Resolution#

Initial thoughts#

From the previous task, it is clear that the main target of the tournament is selecting which is the MVP. Also, players are allowed to participate in different teams and different matches in fact, meaning that teams and matches are not good elections for unique identifiers. Players must be the unique identifiers of the software code implemented.

Since the language of choice is Python, and there is no need to implement databases (i.e. simple processing script) the most ideal solution might be the usage of a dictionary in which the keys are the player’s nicknames (i.e. unique identifiers).

However, another important aspect to was its extensibility and reusability.

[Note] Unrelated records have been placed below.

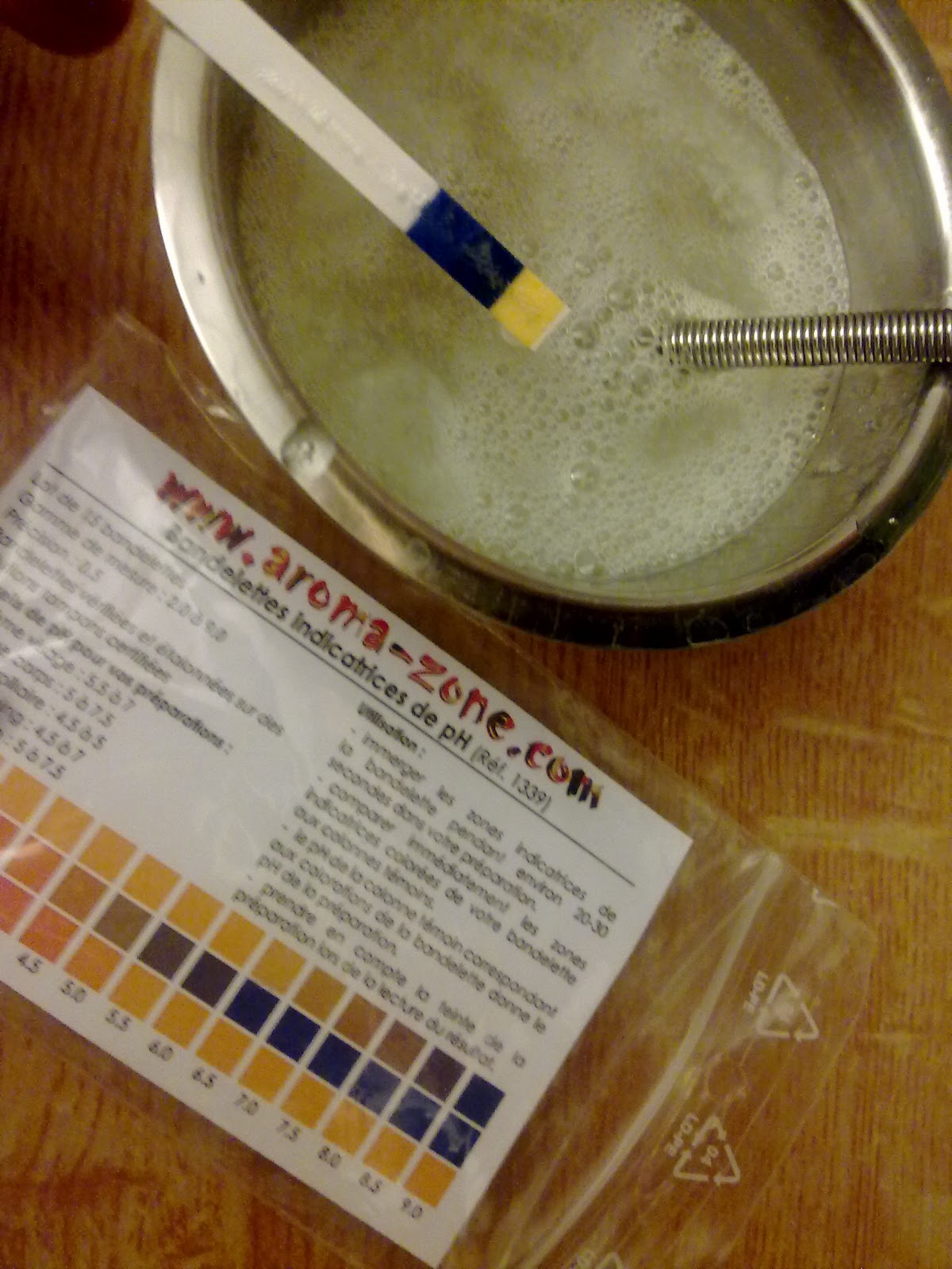 6/ A priori mon shampoing est terminé. Seulement pour les soins pour les cheveux, un pH acide est nécessaire (entre 4,5 et 7). Je teste donc mon shampoing à l'aide d'une bande pH. Le pH est basique, je vais donc rajouter un bon mililitre d'acide lactique pour diminuer le pH et obtenir un pH acide, préférable pour les cheveux.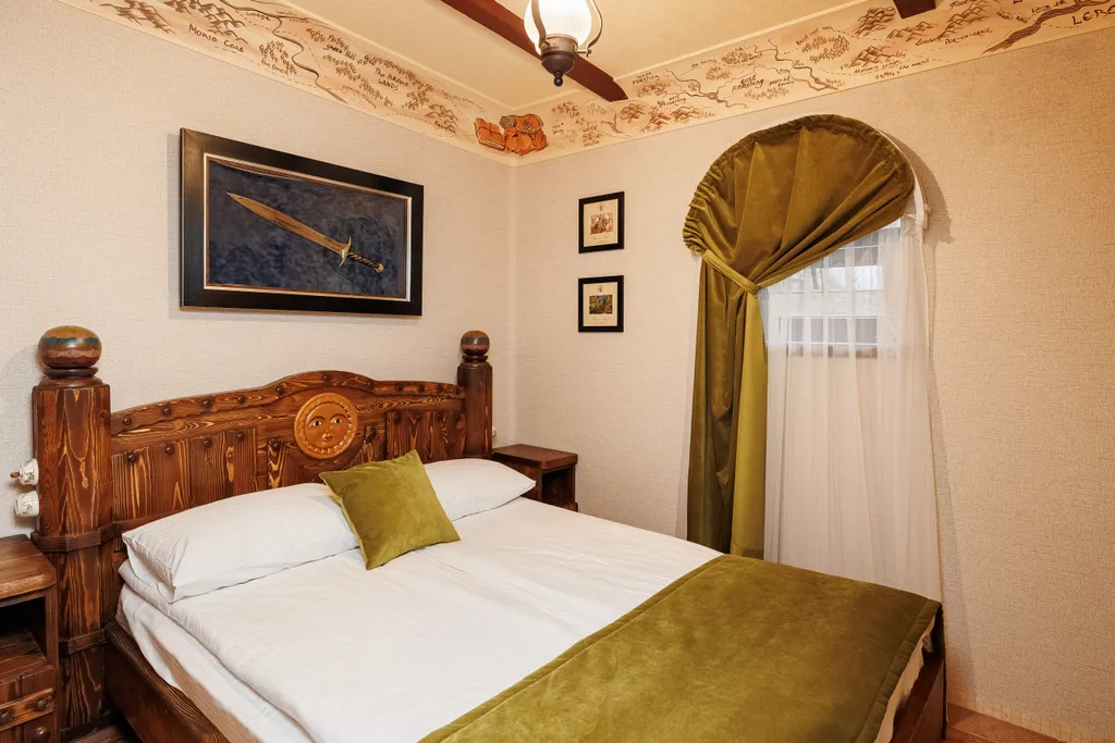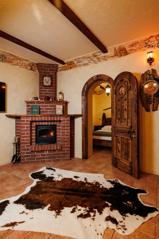 Сказочный домик под горой, 60 м. кв. Для комфортного размещения 4 взрослых с большой гостиной, инфракрасной сауной и площадкой для барбекю. Возможно размещение дополнительных мест за дополнительную оплату (2 детей до 16 лет). Один ребёнок до 3 лет — можно без отдельного спального места (спит с родителями), завтрак не включен.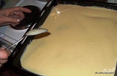 Смешиваем яйца, майонез и муку. Хорошенько перемешиваем. Получившееся тесто выливаем в форму для запекания.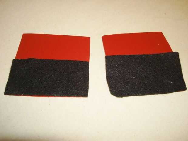 Cortar 2 trozos pequeños de fieltro negro o marrón que se pegan a la cartulina para asegurar las agujas. Véase la nota abajo.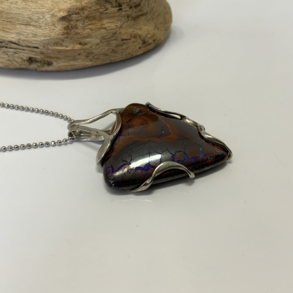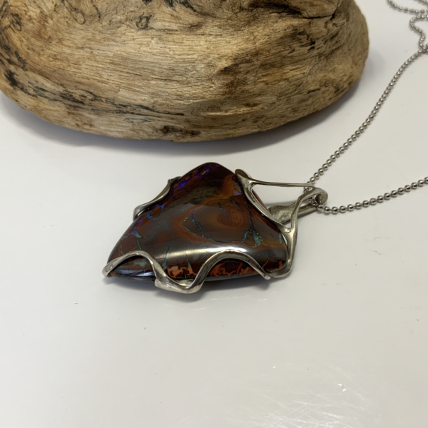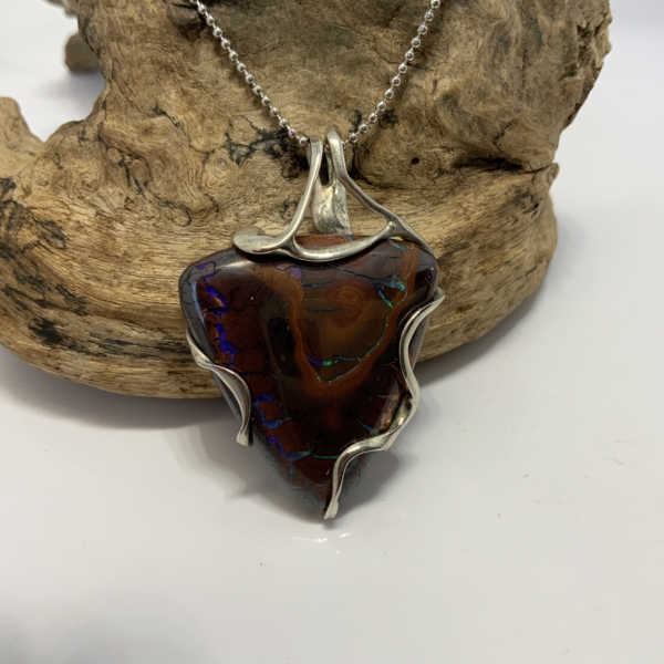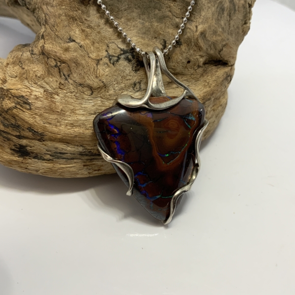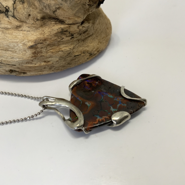 “Twisted Gem Collection”. Solid boulder opal from the Koroit field in Queensland. Dark and light ironstone showing blue, green colour. Freeform triangle 29 x 30mm set in silver wire, double sided pendant width 30mm, length 45mm. Weight 8.87grams. Was $700 now $560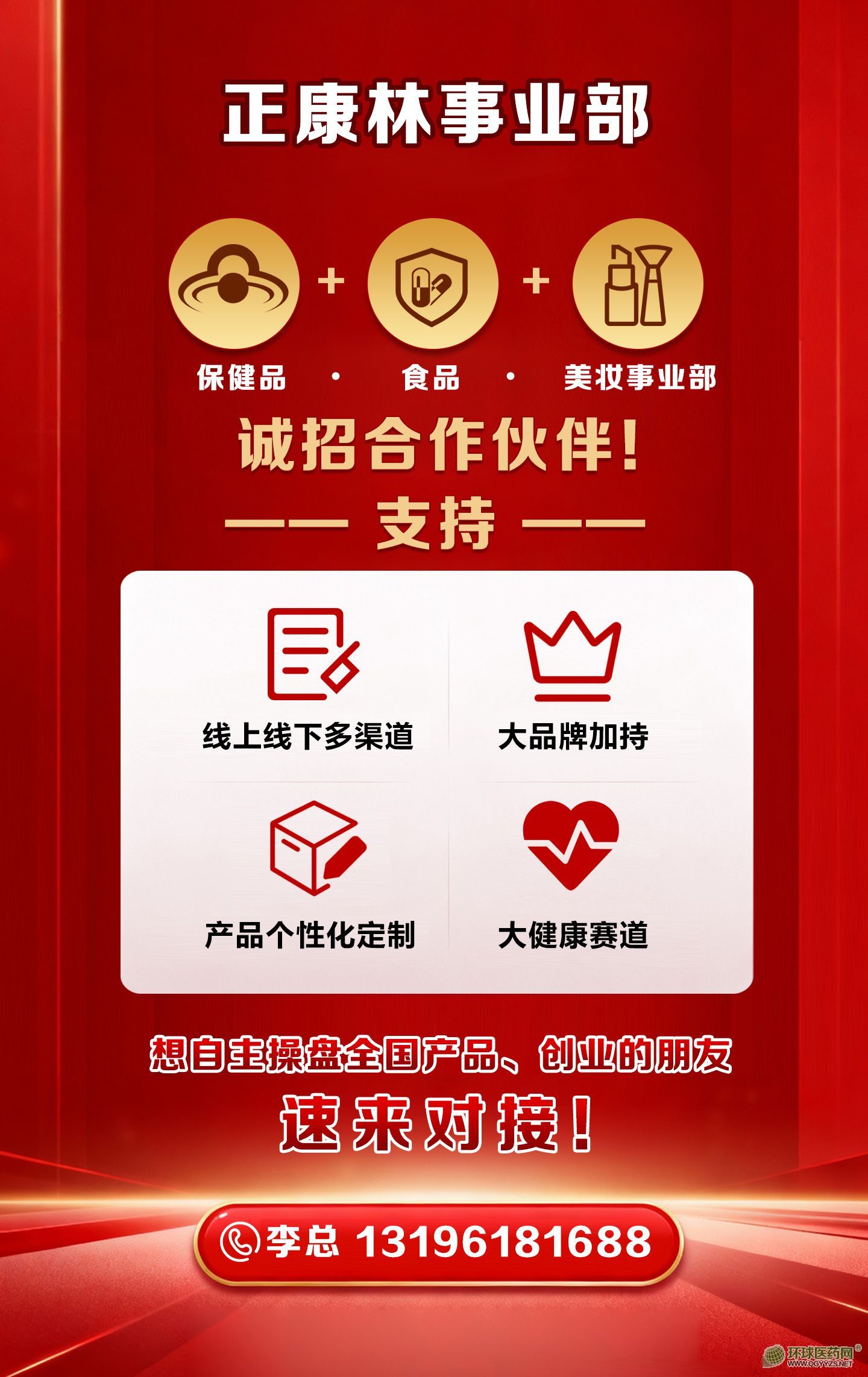 千億大健康風(fēng)口已至,機(jī)遇不等人。如果你不甘平庸,想自主操盤全國(guó)產(chǎn)品,想在大健康賽道實(shí)現(xiàn)創(chuàng)業(yè)夢(mèng)想,想收獲長(zhǎng)期穩(wěn)定的財(cái)富,就來對(duì)接正康林事業(yè)部!我們以優(yōu)質(zhì)的產(chǎn)品、強(qiáng)大的品牌、靈活的政策、完善的支持,與你攜手并肩,深耕保健品、食品、美妝三大黃金品類,搶占市場(chǎng)先機(jī),共創(chuàng)大健康產(chǎn)業(yè)的美好未來!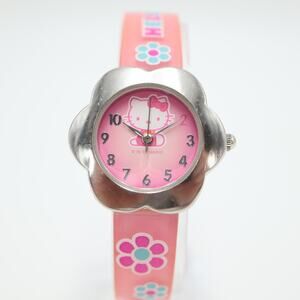 Hello Kitty Sanrio 2007 Pink Silver Flower Watch 29mm Dial with New Battery

The easy integration of new disciplines is an important design point in the library’s architecture.

Also, since we are developing a library, one of the most important points are a proper error handling, test suite and API documentation, in order to facilitate the job to new developers that may come in and improve or extend the source code.

Architecture#

The Python package is structured as shown in the API reference section. The package is structured following the rule of “separation of concerns”, such that each module is in charge of dealing with their related contributions.

For example, all player related computations are performed in the toucan.mvp.calculator.player module, were as the details for each discipline and the retrieval of data from them is located at toucan.mvp.calculator.discipline. An additional toucan.mvp.calculator.errors module was created to provide an ad-hoc error handling, and thus creating our own Exception type.

Finally, the main module in terms of end-user purpose is the toucan.mvp.calculator.tournament module, which provides an easy interface for tournament organizers to provide the path to their data and extract the MVP without having to do many efforts.

Testing#

Following best practices, software libraries should be tested as much as possible to ensure their robustness. Though, at the moment, this library has a ~100% line coverage, it is true that the branch coverage can always be improved. However, due to the limited amount of time available for this task, this is good enough. An explanation on how to run the test suite can be found in the landing page of this documentation.

Documentation#

As important as it is to deliver software, it is equally important to deliver its documentation. An advanced developer would look first for library documentation before even trying to debug on its own why a weird error has just occurred. Documentation also is critical in terms of usability, since if the code is not documented, it will be difficult for external contributors to actually provide some value to your library.

For this reason, I decided to use standard Python tools for generating documentation, such as Sphinx. Together with the PyData Sphinx Theme and Sphinx’s autoapi plugin, generating documentation from properly documented code (with docstrings) becomes an easy task.